As for the actor himself, Brand took to his personal YouTube channel on September 15th – the day before the report went public – to offer his own recorded statement on the entire ordeal.
“Hello there you awakening wonders,” Brand began his video, per a transcript provided by The Times. “Now this isn’t the usual type of video we make on this channel where we critique, attack, and undermine the news in all its corruption, because in this story, I am the news.”
“I’ve received two extremely disturbing letters, or a letter, and an email, one from a mainstream media TV company, one from a newspaper, listing a litany of extremely egregious and aggressive attacks, as well as some pretty stupid stuff like, my community festival should be stopped, that I shouldn’t be able to attack mainstream media narratives on this channel, but amidst this litany of astonishing, rather baroque attacks are some very serious allegations that I absolutely refute,” he continued.
“These allegations pertain to the time when I was working in the mainstream, when I was in the newspapers all the time, when I was in the movies, and as I’ve written about extensively in my books, I was very very promiscuous,” said Brand. “Now during that time of promiscuity, the relationships I had were absolutely, always consensual. I was always transparent about that then, almost too transparent, and I’m being transparent about it now as well, and to see that transparency metastasized into something criminal, that I absolutely deny, makes me question, is there another agenda at play?”
“Particularly when we’ve seen co-ordinated media attacks before, like with Joe Rogan, when he dared to take a medicine that the mainstream media didn’t approve of, and we saw a spate of headlines from media outlets across the world, using the same language,” the comedian-slash-actor then asserted.
“I’m aware that you guys have been saying in the comments for a while, ‘watch out Russell, they’re coming for you, you’re getting too close to the truth, Russell Brand did not kill himself’,” said Brand. “I know that a year ago there was a spate of articles, ‘Russell Brand’s a conspiracy theorist’, ‘Russell Brand’s right wing’. I’m aware of news media making phone calls, sending letters to people I know for ages and ages, it’s been clear to me, or at least it feels to me, like there’s a serious and concerted agenda to control these kind of spaces, and these kind of voices, and I mean my voice along with your voice.”
“I don’t mind them using my books and my stand up to talk about my promiscuous, consensual conduct in the past, what I seriously refute are these very very serious criminal allegations,” he then admitted. “Also it’s worth mentioning that there are witnesses whose evidence directly contradicts the narratives that these two mainstream media outlets are trying to construct, apparently in what seems to me to be a co-ordinated attack.”
“Now, I don’t want to get into this any further because of the serious nature of the allegations, but I feel like I’m being attacked, and plainly they are working very closely together,” the actor concluded. “We are obviously going to look into this matter, because it’s very very serious. In the meantime I want you to stay close, stay awake, but more important than any of that, if you can, please stay free.”

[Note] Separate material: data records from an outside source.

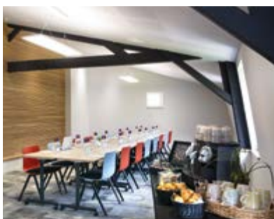
13 rue Sardinerie 17000 LA ROCHELLE
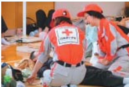
避難所で健康状態を聞く（山口県）

中国・九州北部豪雨に続いて、台風第9号による大雨が兵庫県などに大きな被害をもたらした。さらに震度6弱の地震が静岡に――今年の夏は自然災害が各地で相次ぎました。日本赤十字社は全国のネットワークを生かした被災者支援を全力で展開しました。7月21日の中国・九州北部
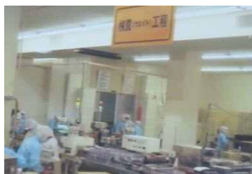
そば製造過程見学
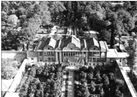
شکل ۳ منظره‌هایی باغ اندرونی در باغ ارم، منبع: اصداقت کیش، ۱۳۸۶

«در گلستان ارم دوش چو از لطف هوا زلف سنبل ز نسیم سحری می‌آشفت گفتم ای مسند جم، جام جهان بینت کو گفت افسوس که آن دولت بیدار بخت»
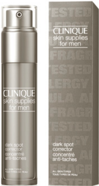
CLINIQUE for Men <www.clinique.es>
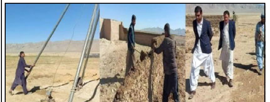
..... اورا لائی اسسٹنٹ کمشنر پوری عطا ء بلوچ تہا جوات آتا برخلاف کارروائی کنگ انی ء
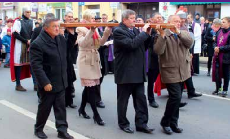
Hagyományosan az egyház, az önkormányzat, intézmények, valamint civil szervezetek képviselői vitték a feszületet a stációk között
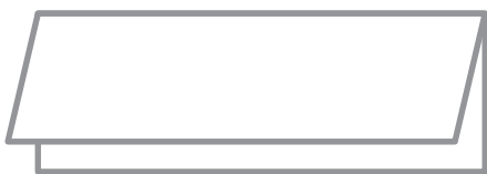
①縦に半分に折ります
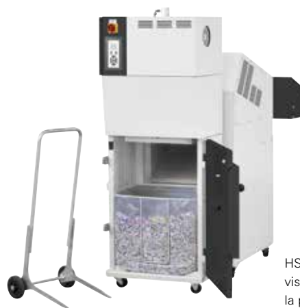
HSM SP 4040 V: vista trasera con la puerta abierta
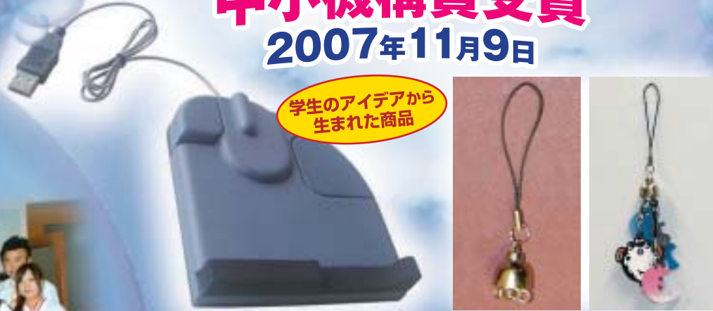
学生のアイデアから生まれた商品
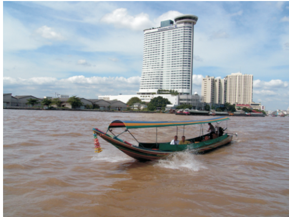
Chao Phraya Nehri (2008)

Chao Phraya Nehri, Nakhon Sawan eyaletindeki Nakhon Sawan'da Ping ve Nan nehirlerinin birleştiği noktadan başlar. Bundan sonra, orta ovalardan Bangkok'a ve Tayland Körfezi'ne doğru 372 kilometre (231 mil) boyunca güneye akar. Chai Nat'ta nehir, ana kol ve Tha Chin Nehri olmak üzere ikiye ayrılır; Tha Chin Nehri daha sonra ana nehre paralel akar ve Bangkok'un yaklaşık 35 kilometre (22 mil) batısında, Samut Sakhon'da Tayland Körfezi'ne dökülür.
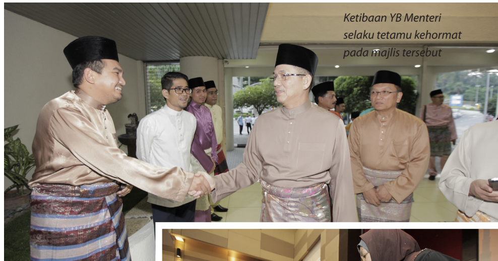
Ketibaan YB Menteri selaku tetamu kehormat pada majlis tersebut
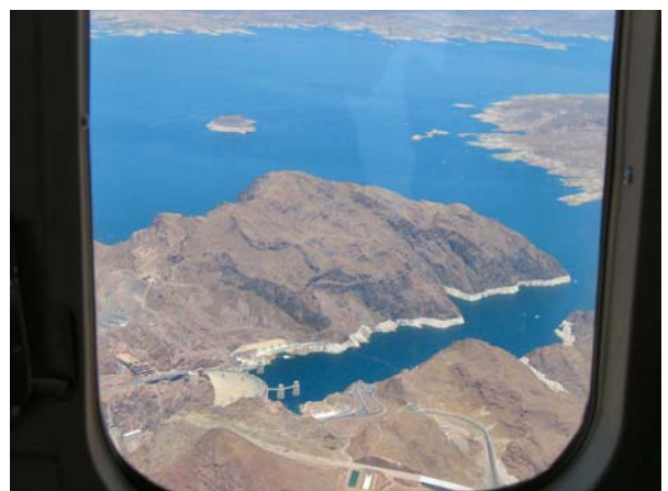
上から、アルカトラズ監獄島、パウエル St.、ラスベガス大通り(ストリップ)、フーバーダムとミード湖

It was in light of this controversy that, on September 19th, YouTube announced they would be demonetizing all of his channels – Russell Brand, Football is Nice, Awakening With Russell, and Stay Free With Russell Brand – on the platform.
“We have suspended [monetization] on Russell Brand’s channel for violating our Creator Responsibility policy,” YouTube, in a statement to The Hill, explained of their decision. “If a creator’s off-platform behavior harms our users, employees or ecosystem, we take action to protect the community.”
“This decision applies to all channels that may be owned or operated by Russell Brand,” they additionally clarified.
As of writing, Brand has yet to present his aforementioned exculpatory evidence.